Regalo 39: Fuente de vida.


Por: Víctor Rafael

Lo que a mis ojos parecía una muerte física, resultó ser solo un tiempo para renacer. Un momento de reflexión que despertó el vivir, caló hondo, profundo, llegó muy adentro, atravesó todo lo que soy y me hizo cuestionarme, ¿por cuánto tiempo podré vivir lejos de la fuente de vida?            
Planta en el patio de mi casa. Cayey, Puerto Rico.
Hacía ya varias semanas que todas sus hojas habían caído al piso a morir, su delgado tronco se había tornado más oscuro de lo usual y las puntas de sus ramas se habían secado, la di por muerta. La saqué de la marquesina para botarla, pero me distraje y la dejé allí, la olvidé. Luego de eso estuvo lloviendo varios días corridos y después vinieron algunos días de sol. Para mi sorpresa, al cabo de un tiempo, la planta comenzó a echar nuevas hojas y poco a poco fue fortaleciendo todas sus partes.
Aquella mañana el viento que movía las hojas de la planta que di por muerta, trajo consigo un mensaje para mí. La brisa mientras chocaba contra mi cuerpo decía; la vida es vida únicamente el tiempo que permaneces cerca de aquello que la alimenta.
Sé que en ocasiones la vida parece no tener sentido, como si nada de lo que haces fuera suficiente. Te cuestionas. Te reprochas y enfadas no tan solo contigo, sino con todos y todo lo que te rodea. Sé que hay veces que llegas a pensar que ya nada ni nadie puede devolverte la pasión con la que vivías, que el camino hacia la felicidad lo destruyeron. Conozco también de las veces que haces utópico lo real, lo alcanzable, lo que está disponible para ti porque a simple vista parece imposible hacerlo tuyo. Pero lo más importante es que tengo la certeza de que estás tan lejos o cerca de la vida como quieres estarlo.
Hoy quiero que mires con detenimiento lo que estás viviendo. Tal vez estás experimentando un sinnúmero de situaciones que te han hecho pensar que la vida no tiene ningún sentido. Posiblemente la llama de pasión que te hacía vivir se apagó.

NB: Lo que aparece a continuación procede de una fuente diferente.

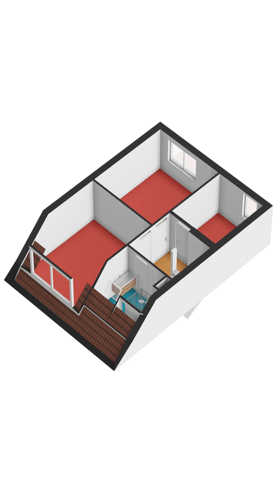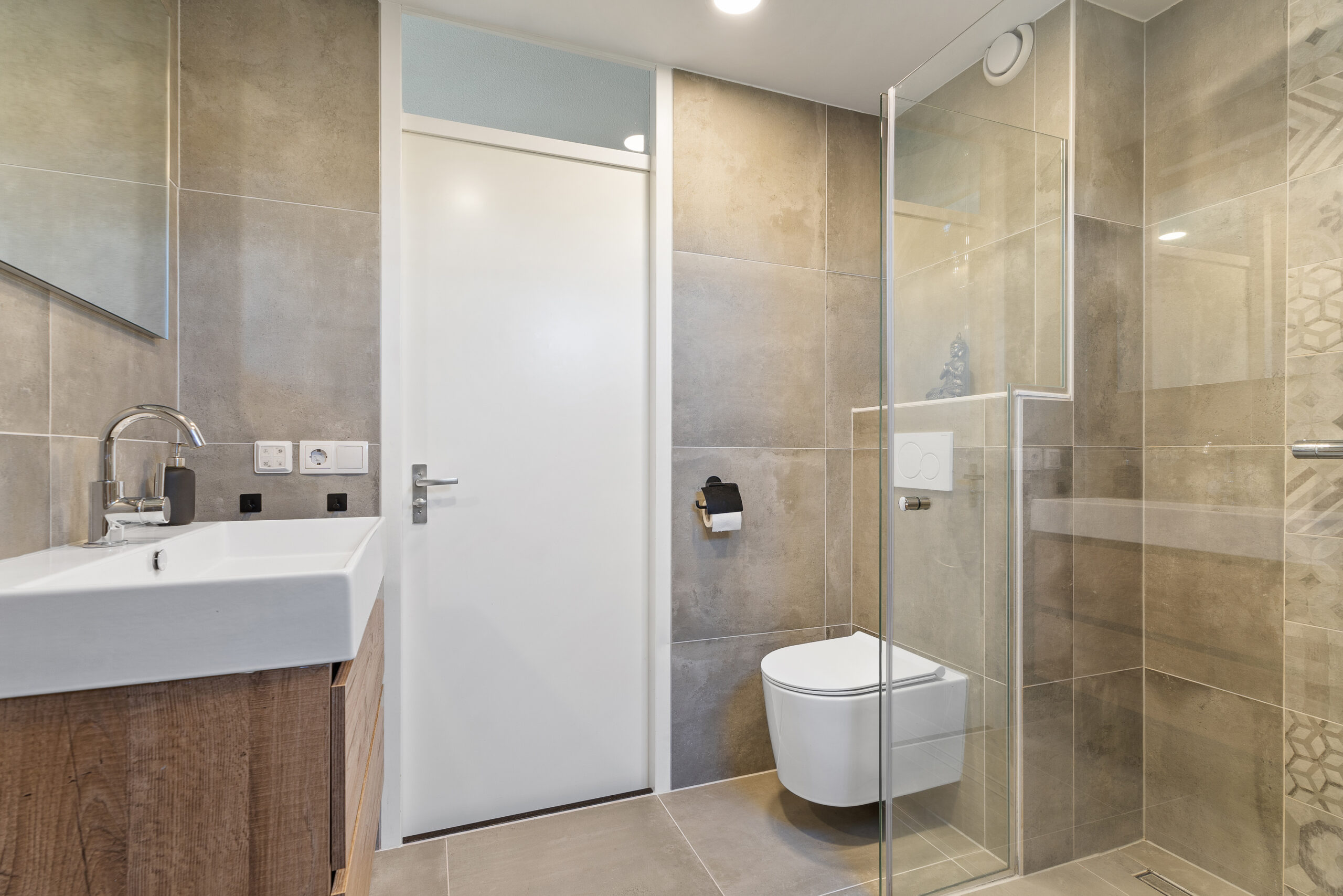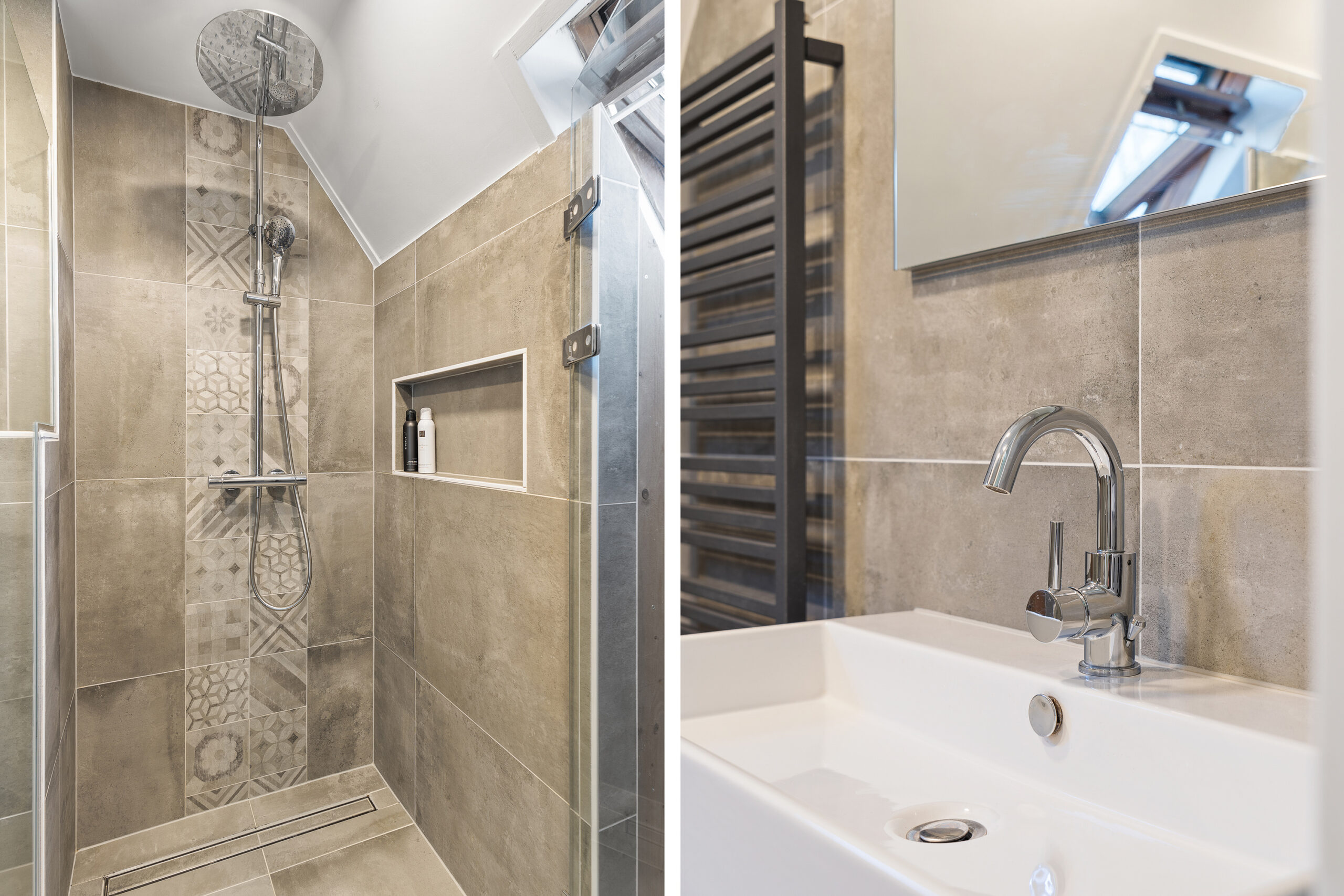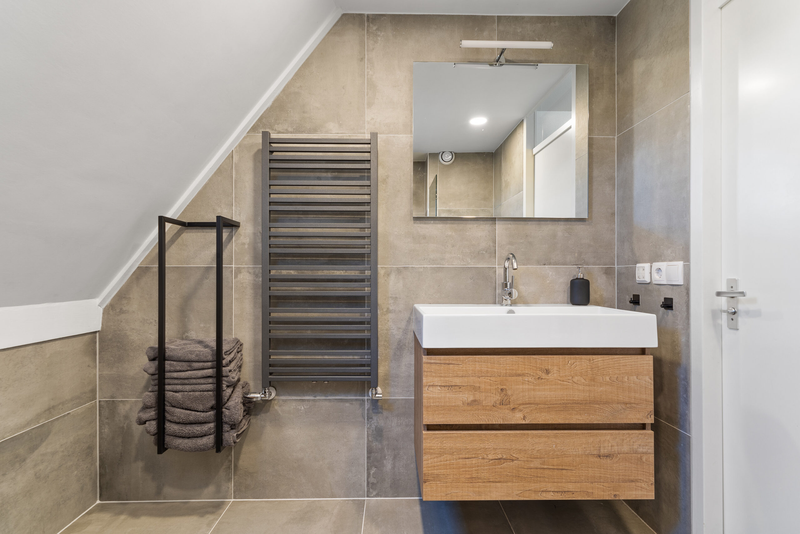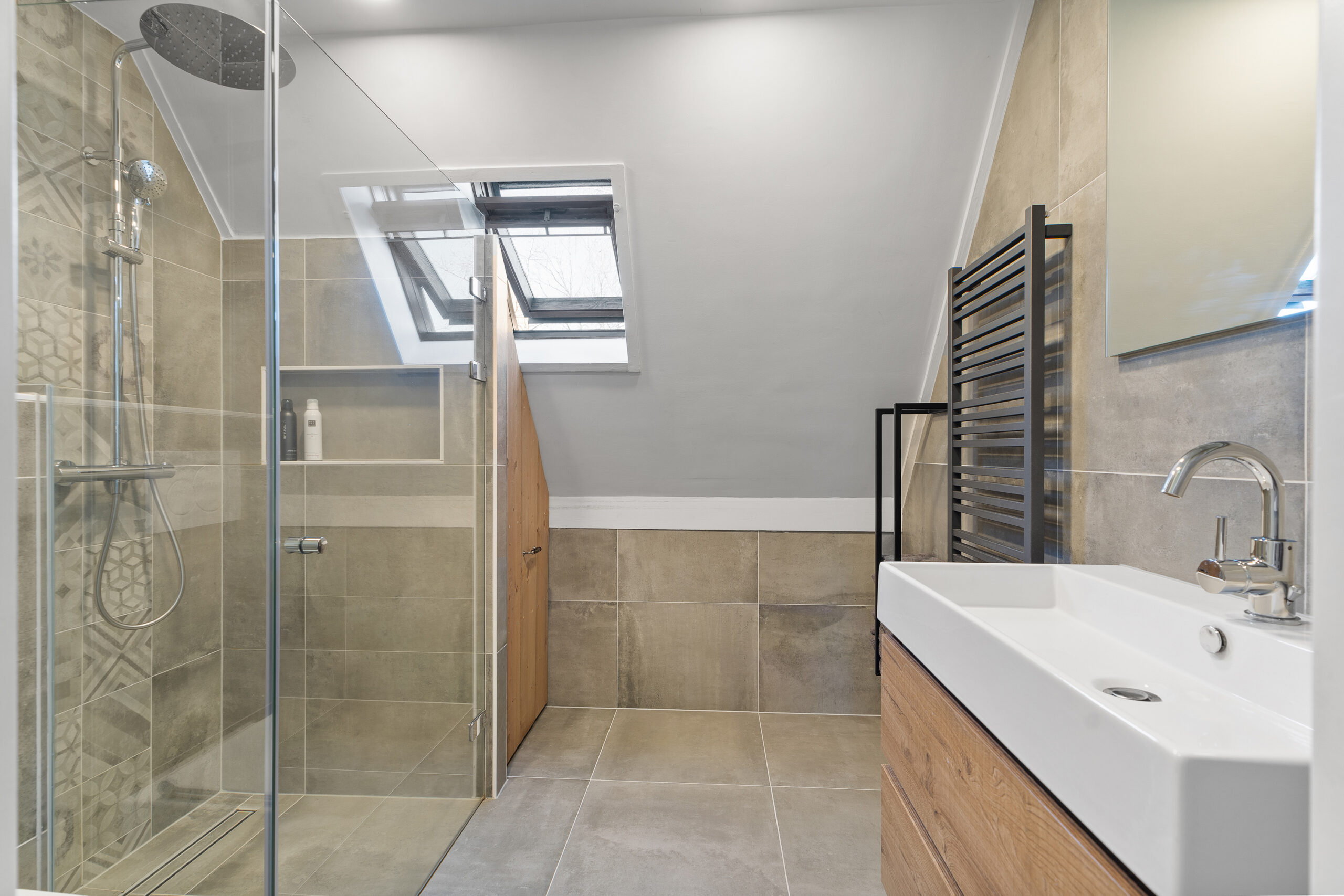 De badkamer heeft een moderne uitstraling en is voorzien van grote grijze tegels en een ruime inloopdouche, die wordt geaccentueerd door een speelse tegelprint en een praktisch nisje voor je doucheproducten. De ruimte beschikt verder over een hangend toilet, wastafel en een designradiator. Het raam zorgt voor extra lichtinval en ventilatie, wat de ruimte nog aangenamer maakt. Slim is ook het gebruik van de schuin aflopende wand, die optimaal is benut met een ruime opbergkast.

La aflicción ha destruido parte por parte lo que eres y lo que no sabías es que “La aflicción es como el combustible de la pasión: refuerza la energía intensa, que normalmente no tenemos, pero que necesitamos para realizar los cambios.” (Rick Warren) Déjate abrazar por la vida, permite que los procesos externos que vives le den forma a tu corazón.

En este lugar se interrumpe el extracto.